Historical analysis has played a central role in the study of population, from Thomas Malthus in the eighteenth century to major twentieth-century demographers such as Ansley Coale and Samuel Preston. The French historian Louis Henry (1911-1991) is widely credited with the development of historical demography as a distinct subfield of demography. In recent years, new research in historical demography has proliferated owing to the development of massive new population data collections, including the Demographic Data Base in Umeå, Sweden, the Historical Sample of the Netherlands, and the Integrated Public Use Microdata Series (IPUMS).
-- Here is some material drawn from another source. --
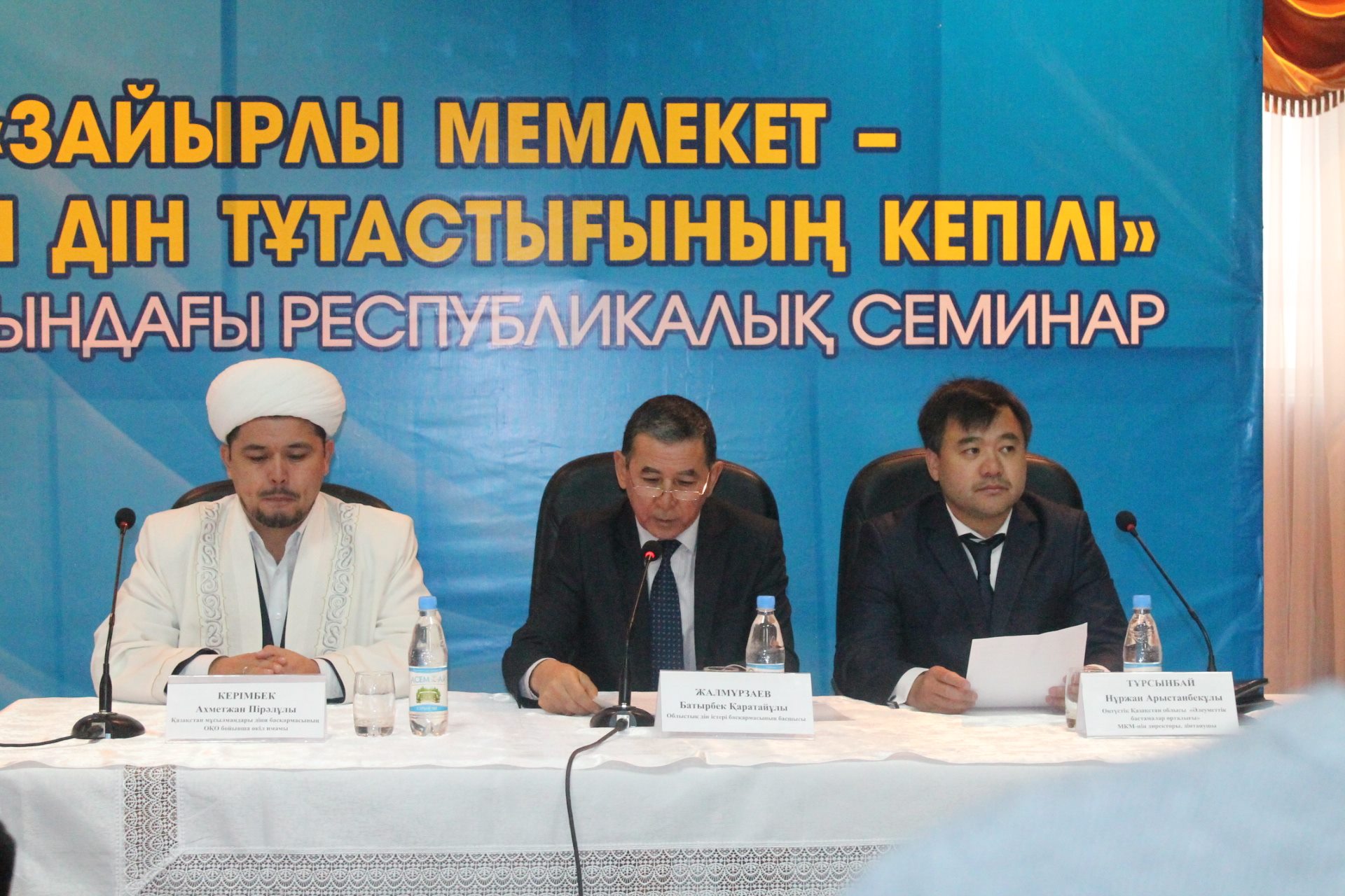 Семинар барысында Қазақстан мұсылмандары діни басқармасының Оңтүстік Қазақстан облысы бойынша өкіл имамы Ахметжан қажы Керімбек «Дәстүрлі діндердің қоғамдағы рөлі» тақырыбында баяндама жасады. Баяндамада дінаралық келісім мен ұлтаралық татулықты сақтау мәселелері, оңтүстік өңіріндегі мешіттердегі ахуал, деструктивті діни ағымдардың алдын алу бойынша бірлескен жұмыстардың жүзеге асырылу жайы, дін қызметкерлерінің біліктіліктерін көтеру, т.б. көптеген мәселелер әңгімеге арқау болды.

During the period from 500 to 900 CE world population grew slowly but the growth rate accelerated between 900 and 1300 CE when the population doubled. During the 14th century, there was a fall in population associated with the Black Death that spread from Asia to Europe. This was followed by a period of restrained growth until the 18th century when world population entered a period of accelerated growth again. As previously the acceleration was more marked in the European population, due to scientific revolution and resulting inventions lowering the childbirth mortality rate. European population reached a peak growth rate of 10 per thousand per year in the second half of the 19th century.
During the 20th century, the growth rate among the European populations fell and was overtaken by a rapid acceleration in the growth rate in other continents, which reached 21 per thousand per year in the last 50 years of the millennium.